An extended low freight environment seen in the global VLCC, or Very Large Crude Carrier, market amid the coronavirus pandemic has left historical freight differentials for Americas-loading VLCCs in disarray.
Negotiations over the course of the week ending April 23 confirmed market participant expectations of shorter-haul East voyage rates narrowing in to freight for longer-distanced voyages to hubs in Central China and South Korea.
A lack of VLCC demand, namely in the Arab Gulf, has left owners hesitant to make the voyage to West Coast India as a lengthy list of available ships in the Arab Gulf tends to cannibalize opportunities for them to book US Gulf Coast-loading cargoes in a timely manner. The ships in the Arab Gulf that are free of cargo are looked upon as more favorable for charterers in the Americas as they hold more stable itineraries and can easily make desired laycans. A ship that is discharging at the West Coast of India could be set back an additional seven to 10 days to embark on a new voyage, one shipbroker said.
“It’s not as ironclad as it used to be,” the shipbroker said. “The problem with India isn’t port costs, the problem is that in a low market a [West Coast India] position is not as attractive.”
Historically, VLCCs discharging in Ningbo and South Korea command a $1 million premium to those unloading at Singapore, while West Coast India voyages typically trade at a range of $0-$300,000 below Singapore, with the spread occasionally moving wider in periods of unusually high freight levels. West Coast India VLCC freight was first assessed at a premium to Singapore on April 13, the first time since July 18, 2018.
Freight for the VLCC 270,000 mt Caribbean-WCI run was assessed April 23 at lump sum $3.68 million, down $25,000 from a week ago April 16, while the comparable 270,000 mt USGC-Singapore voyage ended the week down $100,000 at $3.3 million. The benchmark 270,000 mt USGC-China run, which reflects disports at Ningbo, China and all major ports in South Korea, was assessed at $4.2 million, $200,000 lower from April 16.
Ecopetrol confirmed market expectations of steep West Coast India-destined freight after it placed the Olympic Lion on subjects April 21 for a Covenas-WCI run at $3.675 million for a May 15-19 laycan. On the same day, Hyundai Oil Bank booked the C Guardian, a Trafigura relet, for an East Coast Mexico-South Korea run at $4.15 million, set to load May 25-30.
“Owners are giving a lot of pushback to India right now,” a second shipbroker said. “It’s being talked about as more expensive to go to [West Coast India] than Singapore, which is normally reverse.

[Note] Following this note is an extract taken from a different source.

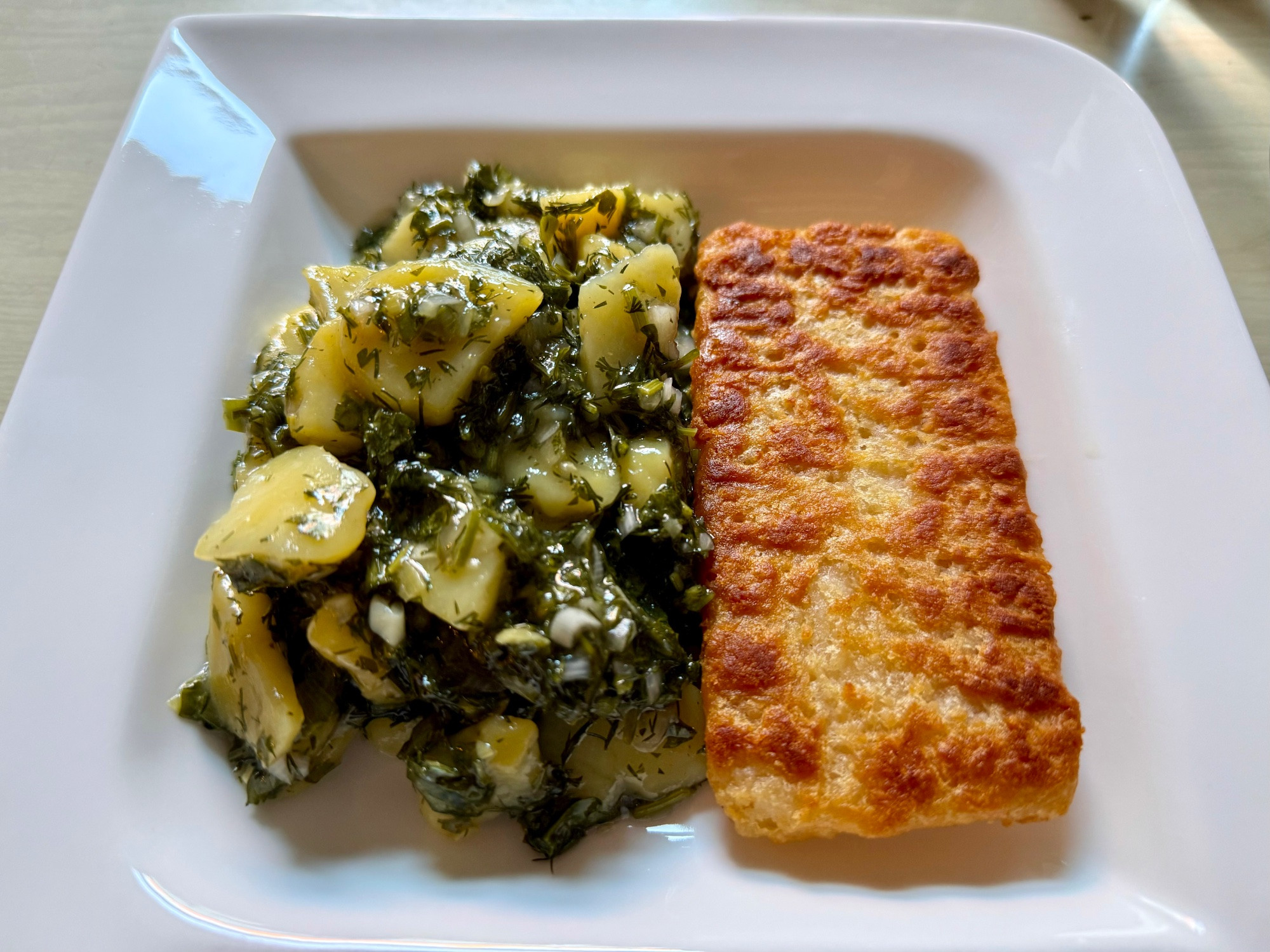 … und heute irgendwann zwischendurch gebastelter grüner kartoffelsalat mit tk-backfisch

That’s why Ecopetrol is struggling.”
Ecopetrol was seen out in the market for several days, while HOB was said to have received approximately seven to eight workable offers, hinting at an almost bearish Far East market in comparison to the shorter-haul journeys.

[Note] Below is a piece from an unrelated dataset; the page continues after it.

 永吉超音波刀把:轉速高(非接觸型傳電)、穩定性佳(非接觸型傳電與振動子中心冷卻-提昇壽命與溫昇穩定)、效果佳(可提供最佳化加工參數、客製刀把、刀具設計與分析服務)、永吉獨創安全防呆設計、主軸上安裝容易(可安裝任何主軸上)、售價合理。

A third shipbroker said charterers were frustrated because owners say they are asking for $3.6 million for Singapore but are willing to go with $4.2 million for South Korea, which skews the differentials.
The depressed freight has also pushed other historical differentials to shift in recent days, with the typical $200,000 premium of Caribbean-loading VLCCs versus USGC-loading ships moving into the two routes trading at parity with one another on Dec. 16, 2020. The spread has held at the $200,000 level since Platts began assessing the USGC-China route in March 2018. The increased importance of ballasting ships during times of continued muted tanker demand has left Caribbean voyages at a significant time advantage for shipowners, balancing out additional port costs incurred when loading in the Caribbean of approximately $200,000.

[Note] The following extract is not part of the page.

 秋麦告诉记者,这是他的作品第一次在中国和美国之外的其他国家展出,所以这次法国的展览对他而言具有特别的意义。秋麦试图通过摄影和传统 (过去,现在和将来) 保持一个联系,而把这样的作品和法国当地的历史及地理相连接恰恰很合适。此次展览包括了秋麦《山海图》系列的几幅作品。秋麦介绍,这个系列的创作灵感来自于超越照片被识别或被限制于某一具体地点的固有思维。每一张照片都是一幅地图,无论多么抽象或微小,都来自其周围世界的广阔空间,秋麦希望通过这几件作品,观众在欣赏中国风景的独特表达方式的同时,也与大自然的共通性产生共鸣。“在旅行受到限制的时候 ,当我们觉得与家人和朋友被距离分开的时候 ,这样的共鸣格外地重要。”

US crude exports to India could see headwinds
A lightening crude slate in response to changes in the country’s fuel demand has caused US crude exports to India to jump at the end of 2020 and remain elevated through the start of 2021. This has added fuel to the fire for a route that is seeing owner-resistant negotiations.
Since the week ended January 1, 2021, US crude exports to India have averaged 440,854 b/d, according to Kpler data. This well exceeds the 2020 average of 277,000 b/d and the 2019 average of 255,000 b/d, according to data from the US Census Bureau. This uptick, even in 2020 from 2019, came as India’s crude imports fell 10.3% year on year to 201.5 million mt in 2020, or 4 million b/d, according to data from the Petroleum Planning and Analysis Cell, a part of India’s Ministry of Petroleum and Natural Gas.
Some headwinds could come from a recent surge in coronavirus infections in India, although the nation’s government has pledged to avoid a national lockdown. Should infections continue to rise, however, regional lockdowns are not ruled out and could have an impact on short-term demand.
Still, even with rising infections in some countries like India, S&P Global Platts Analytics expects vaccine distribution to help curb the virus spread and lead to an improving global economy in the second half of the year. Platts Analytics has forecast 2021 global GDP to grow by 5.7%, but the improving economic outlook is not expected to be uniform across all regions.